After cleaning her teeth and washing her face, she came back into the room and took all her clothes off, leaving them in a heap on the floor. The curtains were open and the patch of sky was quite dark. Gaby could see her naked reflection, and for an instant she had the impression that she was staring at someone else. She pulled the curtains shut and climbed into bed. The sheet was cold against her skin, and she huddled under the light duvet, drawing her knees up and wrapping her arms round herself. She stared out into the bare room. Then she reached out and turned off the bedside lamp.
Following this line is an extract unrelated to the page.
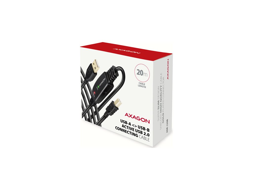 AXAGON ADR-220B, USB 2.0 A-M -> B-M aktivní propojovací / repeater kabel, 20m
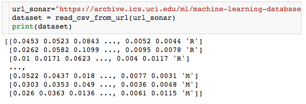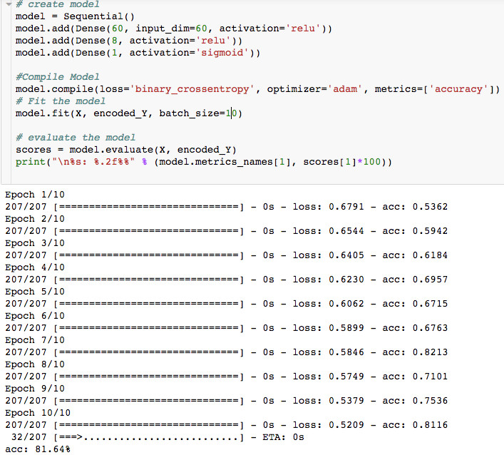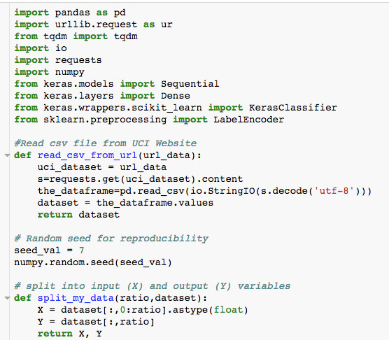本研究中, 我们将采用UCI数据库的Sonar数据集构建一个基本的预测模型实例. 在如下代码部分中, 我们将从UCI数据库系统直接获取相关数据, 并以60%至40%的比例分割为训练集与测试集. 基于Keras框架构建预测模型, 同时通过Scikit-learn对目标变量进行编码处理.

In London, it was never completely dark and never completely quiet. Here, the thickness of the darkness felt like a heavy blanket that had been thrown over her. Gaby strained her eyes, trying to pull a shape out of the inky void, a lighter shade of black. Nothing. She closed her eyes tight for a few seconds, then opened them again. There was no change. This is what it is to be blind, she thought. And deaf. No owl cry, no cat call, no car in the distance reassuring her that she hadn’t fallen off the edge of the world. She couldn’t even hear the wind in the trees. She could only hear herself breathing. She closed her eyes once more and waited for sleep to come for her.